START Raw data

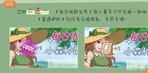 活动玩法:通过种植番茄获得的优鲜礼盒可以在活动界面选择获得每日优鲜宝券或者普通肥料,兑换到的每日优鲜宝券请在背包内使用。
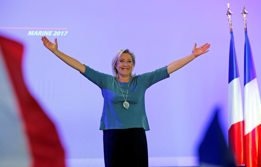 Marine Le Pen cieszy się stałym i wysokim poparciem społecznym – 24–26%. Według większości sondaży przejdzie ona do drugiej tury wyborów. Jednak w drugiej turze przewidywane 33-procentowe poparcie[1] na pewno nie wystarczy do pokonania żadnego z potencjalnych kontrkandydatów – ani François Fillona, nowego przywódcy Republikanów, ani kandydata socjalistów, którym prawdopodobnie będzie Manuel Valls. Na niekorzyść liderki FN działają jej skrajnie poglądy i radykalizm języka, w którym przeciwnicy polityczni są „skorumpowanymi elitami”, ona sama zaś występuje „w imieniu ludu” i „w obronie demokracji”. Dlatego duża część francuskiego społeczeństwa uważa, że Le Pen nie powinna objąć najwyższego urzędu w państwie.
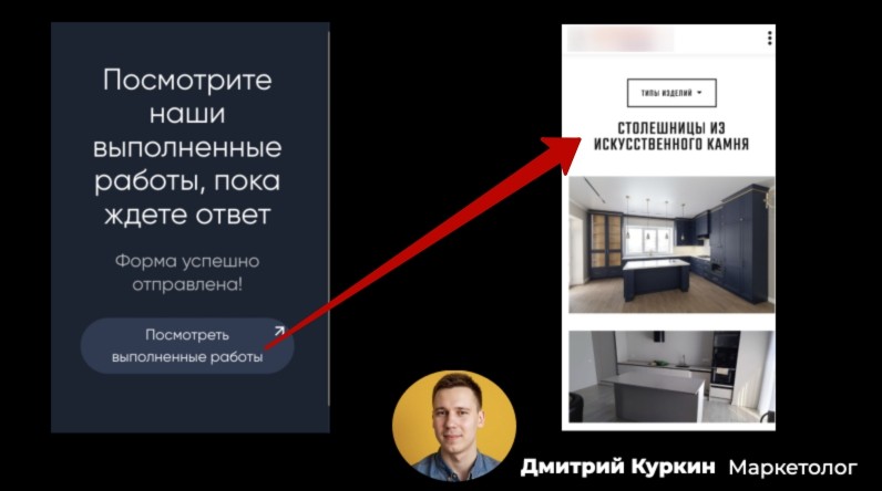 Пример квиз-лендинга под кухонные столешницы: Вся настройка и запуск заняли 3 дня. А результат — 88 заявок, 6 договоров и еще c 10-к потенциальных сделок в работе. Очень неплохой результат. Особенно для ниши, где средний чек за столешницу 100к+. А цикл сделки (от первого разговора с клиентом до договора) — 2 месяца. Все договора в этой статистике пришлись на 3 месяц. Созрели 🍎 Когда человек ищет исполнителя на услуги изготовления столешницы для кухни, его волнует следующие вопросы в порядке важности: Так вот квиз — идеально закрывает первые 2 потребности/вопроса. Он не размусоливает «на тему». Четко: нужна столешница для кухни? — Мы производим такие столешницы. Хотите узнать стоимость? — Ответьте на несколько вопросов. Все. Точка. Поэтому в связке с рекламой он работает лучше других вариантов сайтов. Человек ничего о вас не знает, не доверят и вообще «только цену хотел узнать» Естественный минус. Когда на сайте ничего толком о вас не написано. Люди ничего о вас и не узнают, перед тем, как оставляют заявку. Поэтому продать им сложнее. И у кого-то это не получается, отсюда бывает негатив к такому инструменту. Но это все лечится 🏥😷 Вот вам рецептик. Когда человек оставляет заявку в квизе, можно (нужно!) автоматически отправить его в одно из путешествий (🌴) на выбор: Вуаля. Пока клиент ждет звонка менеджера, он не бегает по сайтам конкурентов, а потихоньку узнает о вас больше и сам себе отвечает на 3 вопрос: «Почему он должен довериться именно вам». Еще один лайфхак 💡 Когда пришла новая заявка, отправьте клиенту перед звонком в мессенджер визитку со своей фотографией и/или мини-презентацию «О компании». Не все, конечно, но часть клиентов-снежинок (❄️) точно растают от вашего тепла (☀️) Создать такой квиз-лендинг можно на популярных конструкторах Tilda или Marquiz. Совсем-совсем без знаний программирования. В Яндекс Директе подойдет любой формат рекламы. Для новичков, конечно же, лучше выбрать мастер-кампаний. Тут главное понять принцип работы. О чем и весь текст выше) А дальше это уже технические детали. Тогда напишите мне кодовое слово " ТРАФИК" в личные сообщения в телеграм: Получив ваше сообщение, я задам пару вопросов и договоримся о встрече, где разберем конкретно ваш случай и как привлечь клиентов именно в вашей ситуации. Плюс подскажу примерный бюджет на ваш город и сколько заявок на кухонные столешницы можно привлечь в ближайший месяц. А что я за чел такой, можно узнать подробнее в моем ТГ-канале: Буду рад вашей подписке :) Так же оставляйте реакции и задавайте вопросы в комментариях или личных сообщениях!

END Raw data

> _Required action_
Only the pictures are to be left out; print everything else in the listing exactly.

> _Completed task_
 活动玩法:通过种植番茄获得的优鲜礼盒可以在活动界面选择获得每日优鲜宝券或者普通肥料,兑换到的每日优鲜宝券请在背包内使用。
 Marine Le Pen cieszy się stałym i wysokim poparciem społecznym – 24–26%. Według większości sondaży przejdzie ona do drugiej tury wyborów. Jednak w drugiej turze przewidywane 33-procentowe poparcie[1] na pewno nie wystarczy do pokonania żadnego z potencjalnych kontrkandydatów – ani François Fillona, nowego przywódcy Republikanów, ani kandydata socjalistów, którym prawdopodobnie będzie Manuel Valls. Na niekorzyść liderki FN działają jej skrajnie poglądy i radykalizm języka, w którym przeciwnicy polityczni są „skorumpowanymi elitami”, ona sama zaś występuje „w imieniu ludu” i „w obronie demokracji”. Dlatego duża część francuskiego społeczeństwa uważa, że Le Pen nie powinna objąć najwyższego urzędu w państwie.
 Пример квиз-лендинга под кухонные столешницы: Вся настройка и запуск заняли 3 дня. А результат — 88 заявок, 6 договоров и еще c 10-к потенциальных сделок в работе. Очень неплохой результат. Особенно для ниши, где средний чек за столешницу 100к+. А цикл сделки (от первого разговора с клиентом до договора) — 2 месяца. Все договора в этой статистике пришлись на 3 месяц. Созрели 🍎 Когда человек ищет исполнителя на услуги изготовления столешницы для кухни, его волнует следующие вопросы в порядке важности: Так вот квиз — идеально закрывает первые 2 потребности/вопроса. Он не размусоливает «на тему». Четко: нужна столешница для кухни? — Мы производим такие столешницы. Хотите узнать стоимость? — Ответьте на несколько вопросов. Все. Точка. Поэтому в связке с рекламой он работает лучше других вариантов сайтов. Человек ничего о вас не знает, не доверят и вообще «только цену хотел узнать» Естественный минус. Когда на сайте ничего толком о вас не написано. Люди ничего о вас и не узнают, перед тем, как оставляют заявку. Поэтому продать им сложнее. И у кого-то это не получается, отсюда бывает негатив к такому инструменту. Но это все лечится 🏥😷 Вот вам рецептик. Когда человек оставляет заявку в квизе, можно (нужно!) автоматически отправить его в одно из путешествий (🌴) на выбор: Вуаля. Пока клиент ждет звонка менеджера, он не бегает по сайтам конкурентов, а потихоньку узнает о вас больше и сам себе отвечает на 3 вопрос: «Почему он должен довериться именно вам». Еще один лайфхак 💡 Когда пришла новая заявка, отправьте клиенту перед звонком в мессенджер визитку со своей фотографией и/или мини-презентацию «О компании». Не все, конечно, но часть клиентов-снежинок (❄️) точно растают от вашего тепла (☀️) Создать такой квиз-лендинг можно на популярных конструкторах Tilda или Marquiz. Совсем-совсем без знаний программирования. В Яндекс Директе подойдет любой формат рекламы. Для новичков, конечно же, лучше выбрать мастер-кампаний. Тут главное понять принцип работы. О чем и весь текст выше) А дальше это уже технические детали. Тогда напишите мне кодовое слово " ТРАФИК" в личные сообщения в телеграм: Получив ваше сообщение, я задам пару вопросов и договоримся о встрече, где разберем конкретно ваш случай и как привлечь клиентов именно в вашей ситуации. Плюс подскажу примерный бюджет на ваш город и сколько заявок на кухонные столешницы можно привлечь в ближайший месяц. А что я за чел такой, можно узнать подробнее в моем ТГ-канале: Буду рад вашей подписке :) Так же оставляйте реакции и задавайте вопросы в комментариях или личных сообщениях!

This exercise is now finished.